Stakeholder Engagement Guidelines Validation Workshop

Historically, poor stakeholder engagement has been attributed to the reduction of forest cover in Kenya. A clear, participatory and vibrant stakeholder engagement framework hinged on a rights-based approach helps mitigate conflict and unrests through improved relationships, increased understanding, trust and confidence among stakeholders. It is therefore that the Ministry of Environment, Natural Resources and Regional Development Authorities through the National REDD+ Coordination Office and in collaboration with the UN REDD Programme has taken lead in the development of stakeholder engagement guidelines for the Country.

This will be the first Stakeholder Engagement guidelines in Africa to be developed by the Government and an Indigenous group. The guidelines will endeavor to provide a robust multi stakeholder inter-agency and cross-sectoral framework for development of the forestry sector in the country which also recognizes the rights and contribution of indigenous people and local communities’ and their dependence on forests.

To see the success of this process the National REDD+ Coordination Office recently held a validation workshop to engage various stakeholders drawn from the National and County Government, indigenous people groups, UN REDD programme among others. To open the workshop was the National REDD+ Coordinator and Focal Point Alfred Gichu who reiterated the Government’s commitment to engaging stakeholders in the REDD+ process. He further noted that stakeholder identification was broader and went beyond the forestry sector.

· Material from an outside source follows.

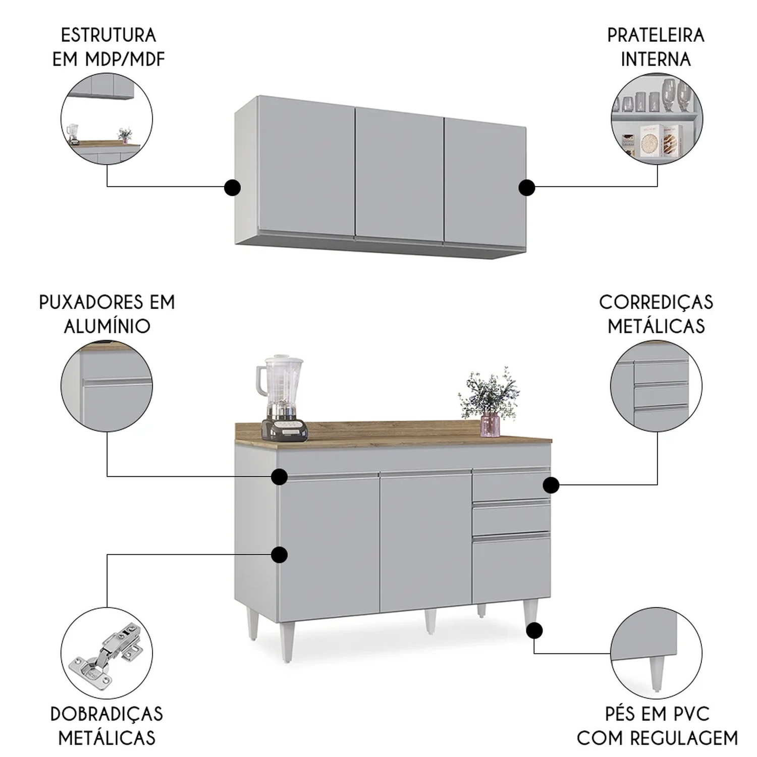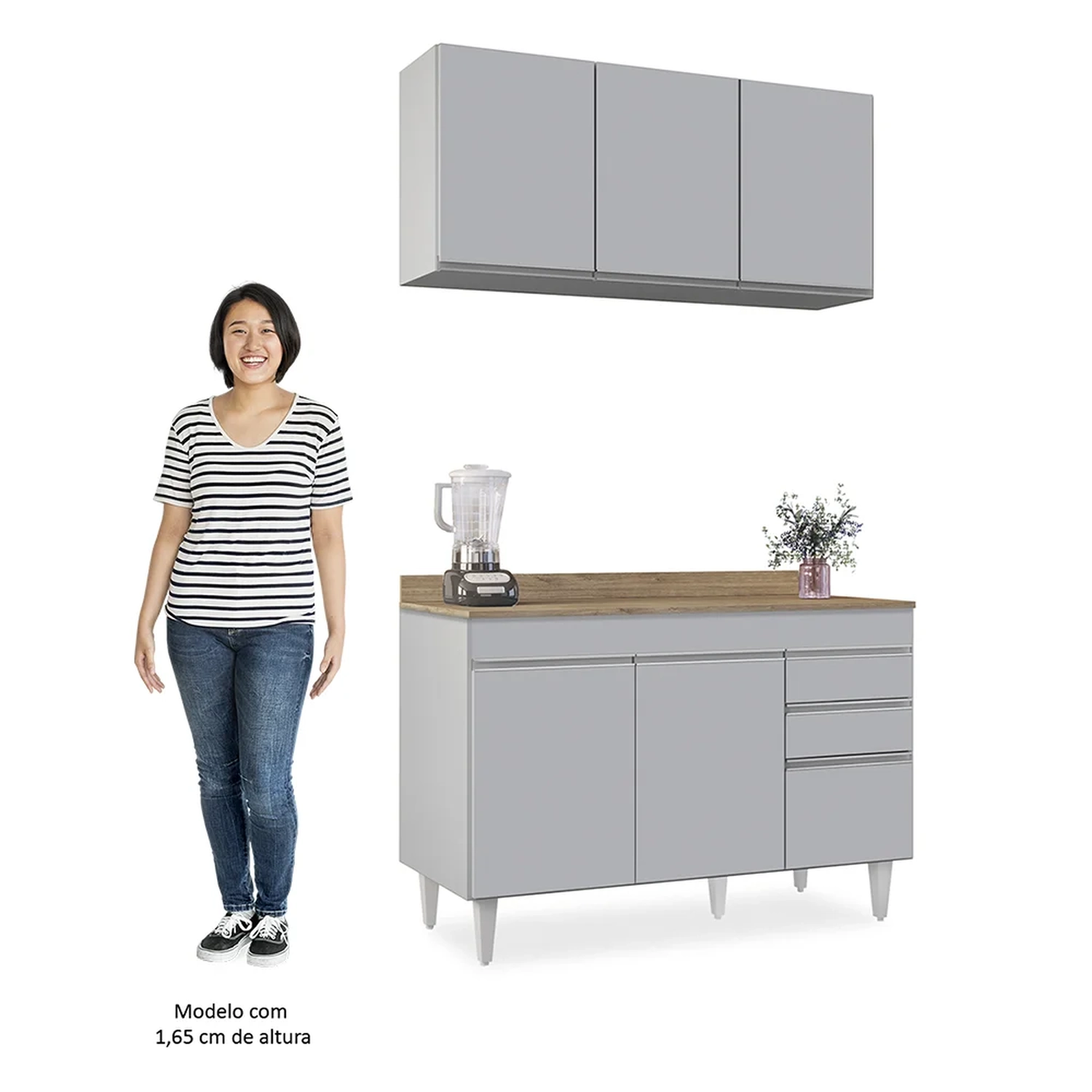 Confira o Armário de Cozinha Aéreo Virgínia e Balcão Com Tampo 120cm Michigan Cinza Claro imperdível que a Lumil preparou e tenha a Cozinha Moderna que sempre quis!!

A number of key recommendations were flagged during the workshop including the need to have a clear stakeholder identification and validation, the need to have different tools for different stakeholders, specification of the target for the toolkit, ensuring the guidelines are properly anchored in existing laws/treaties and supported by other processes, clarifying and providing simplified information for enhanced understanding of REDD, generating simplified handbooks interpreted in different languages, creation of awareness on the tool kit using radio programs for enhanced participation, demonstrating realistic benefits delivered by REDD+.

This initiative by the Government is informed by a desire amongst state parties to move beyond short term based rules and requirements to stakeholder engagement as a means of describing broader, more inclusive, and continuous processes between project proponents and those potentially impacted throughout the entire life of a project in a dynamic environment. The initiative is also in tandem with the recognition that livelihoods of diverse stakeholders are directly or indirectly dependent on forests and forestry resources, hence the need to account for their needs/rights.